The soy protein-based formula is medically recommended for infants suffering from galactosemia (a rare hereditary metabolic disorder) or lactase deficiency (hereditary or acquired). However, it is otherwise not recommended for use during the first 6 months of life [32]. Soy is recognized as being one of the richest sources of phytoestrogens, which are plant ingredients similar in composition to mammalian estrogens [33,34]. In addition, soy products are relatively rich in phytate, which binds calcium and impairs its absorption, and a soy-based formula contains significantly more aluminum than other formulas [35,36]. Our present study may rise another reason to refrain from using a soy protein-based formula without justified medical indication.

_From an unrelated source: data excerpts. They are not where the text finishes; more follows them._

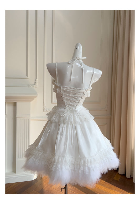 Pretty Ball Gown Spaghetti Straps Corset Back White Grad Dress Inspo Short Mini Formal 8th Grade Homecoming Dresses High School Hoco Court Dress Graduation Dress Cocktail Birthday Outfits DH1913
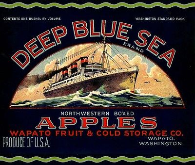 Title (ebay affiliate link): 20 Authentic Vintage - DEEP BLUE SEA apple Orchard labels--GREAT Ocean Liner
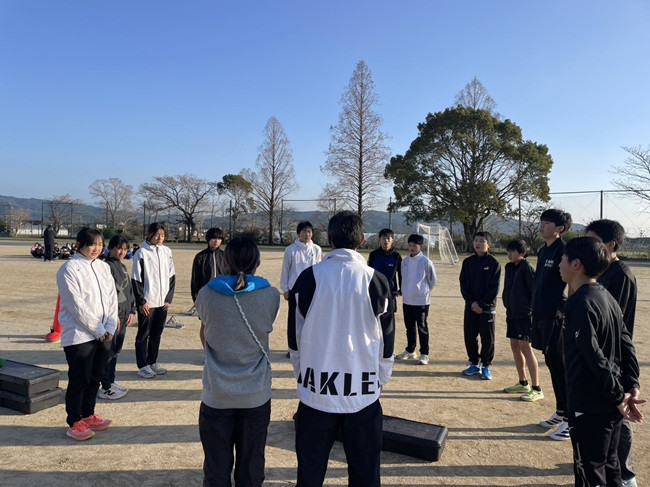 最初の1時間は小学生と一緒にアップをし、残り1時間は100mのレースをイメージして5本走りました!!
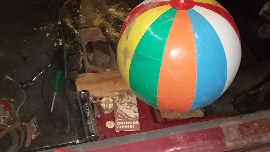 Removing the base of the front seat, found some items hidden in the lower body cavities.
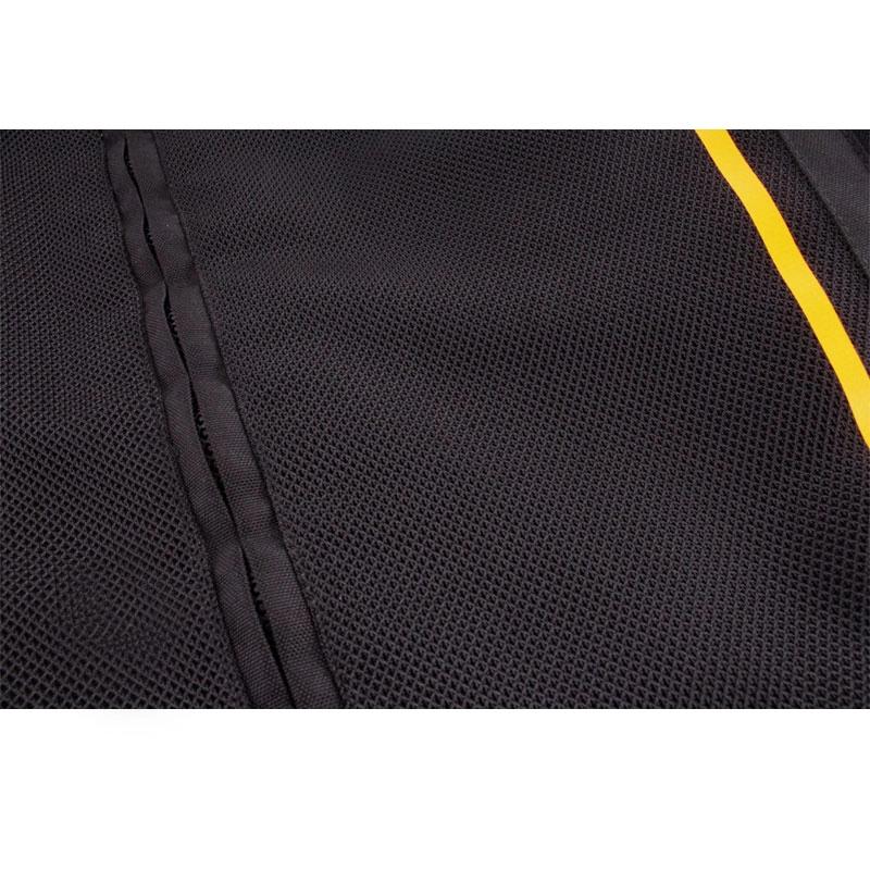 Motorkářská bunda je vyrobena ze 100% polyesteru, který zajišťuje odolnost a dlouhou životnost. Díky mesh panelům na hrudníku, rukou a zádech je bunda dobře prodyšná, což oceníte zejména při teplejším počasí nebo delších jízdách.
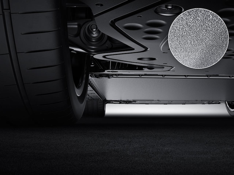Karossen använder över 5,5 m² kolfiber, inklusive ett 1,7 m² stort kolfibertak som sparar 11 kg vikt.

The main limitation of our study is that the participants were adults and not infants who are the formula consumers and the research target. Unfortunately, this is unavoidable due to obvious ethical and practical reasons. We are well aware of the differences between the metabolism of infants and that of adults and the age-related differences in the enzymatic activity in the digestive system, which can affect the glycemic and insulinemic responses. However, it is reasonable to assume that infants will respond to these various formulas in a similar manner, if not in a more pronounced way. Another limitation lies in the assessment of the insulinemic response; its accuracy may have been hampered by budgetary constraint, because only three insulin tests per participant in each session were performed. A major strength of this study is that each subject served as his/her own control for the evaluation of each formula.

5. Conclusions

In conclusion, the hypothesis that formulas containing carbohydrate or protein substitutes would have different glycemic indexes than a typical formula was not supported by this study. Instead, this study revealed a significant increase in blood glucose levels after the consumption of soy protein-based formula when compared to standard and lactose-free formulas. The implication and clinical significance of these results have yet to be determined; however, we believe that these findings are of concern in the decision-making process for pediatricians considering endorsing a soy protein-based formula without specific medical justification.